After 25 years, Iowa lawmakers should break with tradition on REAP

An view of the rotunda on the 2nd floor of the Capitol in Des Moines, Iowa. The area shown is in between the House and Senate Chambers. (Steve Pope/Freelance)
An view of the rotunda on the 2nd floor of the Capitol in Des Moines, Iowa. The area shown is in between the House and Senate Chambers. (Steve Pope/Freelance)

In Iowa’s Legislature, tradition endures.

Men must wear coats and ties in the Senate, when its in session. The governor must report annually on the condition of the state.

The Resource Enhancement and Protection program, known as REAP, must get the shaft.

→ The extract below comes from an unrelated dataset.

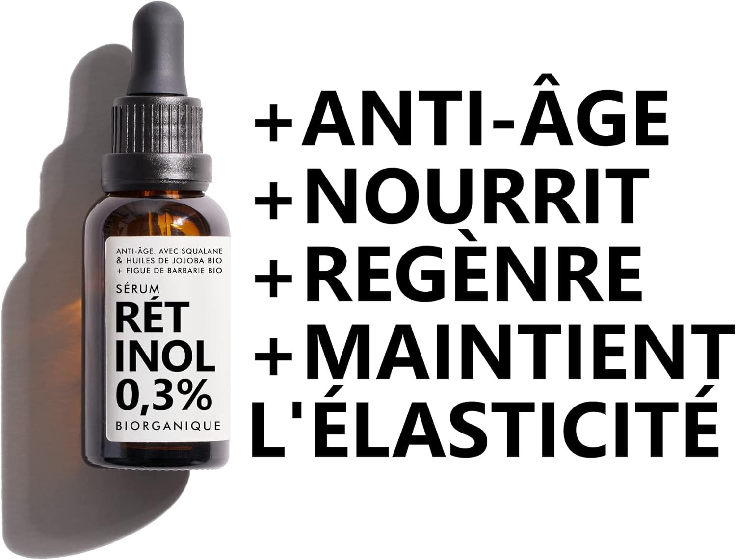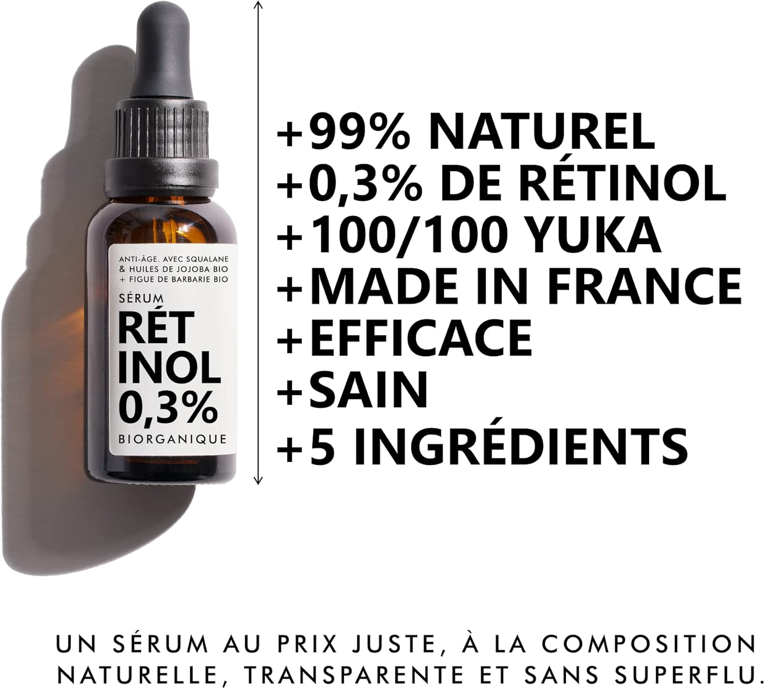 Eigenschappen: retinolserum, gemaakt en ontworpen in Frankrijk. Meer dan 99% ingrediënten van natuurlijke oorsprong. 100/100 yuka in een amberkleurige glazen fles voor optimale bescherming en met een glazen pipet voor een snel en nauwkeurig gebruik.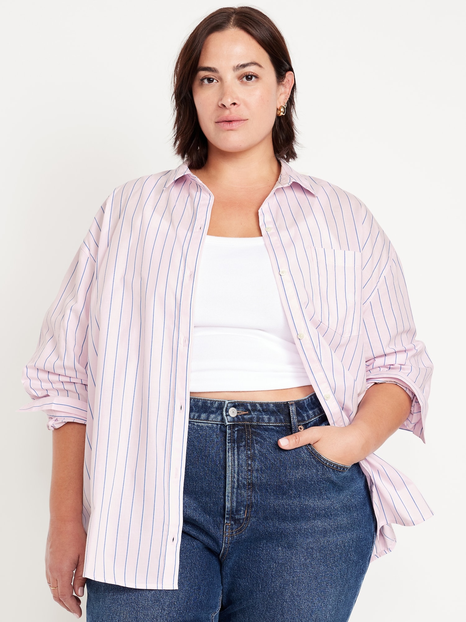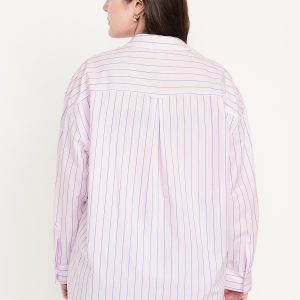 Oversized Button-Down Boyfriend Shirt: spread collar, long sleeves with buttoned cuffs, full-button front, patch chest pocket, curved hem, striped print, #844562

Every year.

Twenty-five years ago, in 1989, the Iowa House and Senate voted overwhelmingly to create REAP, calling it an environmental landmark and predicting it would pump $300 million into conservation, recreation, parkland expansion and other bold efforts over 10 years. It was to be funded with $20 million annually from the state general fund and the rest from lottery proceeds.

That promised $20 million share remains embedded in the Iowa Code, in what’s known as a standing General Fund appropriation. It’s supposed to be automatic. But every year for a quarter-century, legislatures of both stripes have used a magic word, “notwithstanding,” to break that $20 million promise. The most REAP ever received was $18 million.

“I never imagined that would be the case,” said Sen. Dennis Black, D-Lynnville, who was an architect of REAP in the House, along with lawmakers such as the late Sen. Mary Lundby, R-Marion. Black, perhaps the Genera Assembly’s top expert on natural resources and conservation issues, is retiring from the Legislature.

“I thought it would be an absolute slam dunk,” Black said.

Makes sense, considering that REAP is the sort of initiative that actually works. Local committees and elected officials have the biggest say in how dollars get spent. It took 25 years to get to that $300 million goal, but those dollars have leveraged millions of dollars more. Every county has been touched. Linn County, according to state figures, has received $6.5 million in grants. The program is immensely popular, bipartisan and effective.

But it could do so much more. And from a budget standpoint, the slam dunk has become a football that gets pulled away, year after year. We seem to have unlimited resources to chase smokestacks and grant loopholes, but never to fully fund REAP.

This year, a long list of groups urged lawmakers to spend $25 million on REAP for its 25th anniversary. Keep that 1989 promise, just this once. The Senate is on board, with plans to provide $16 million directly for REAP and another $9 million in one-time bucks.

The House has approved only $16 million, while shifting dollars from REAP to cover other agricultural conservation and parks maintenance programs. Rep. Jack Drake, R-Griswold, told an audience in Creston that $3 million will be reassigned.

Fine programs, I’m sure, but they shouldn’t be funded through an already underfunded REAP program. REAP isn’t supposed to be a pot of money scooped by lawmakers to patch budget gaps or fund pet programs or earmarks.

“This is outrageous,” said Linn County Supervisor Brent Oleson, a Republican. Black said the Senate won’t accept the House plan.

So, now, REAP will be tossed into the late-session scrum over dueling budget bills. Lord knows what will emerge. Happy anniversary.

In 2010, 63 percent of Iowa voters ratified a constitutional amendment creating a permanent conservation and recreation fund using a future 3/8-cent sales tax increase. That shows Iowans support REAP’s mission. We want to enjoy and protect our natural resources. It’s an Iowa tradition.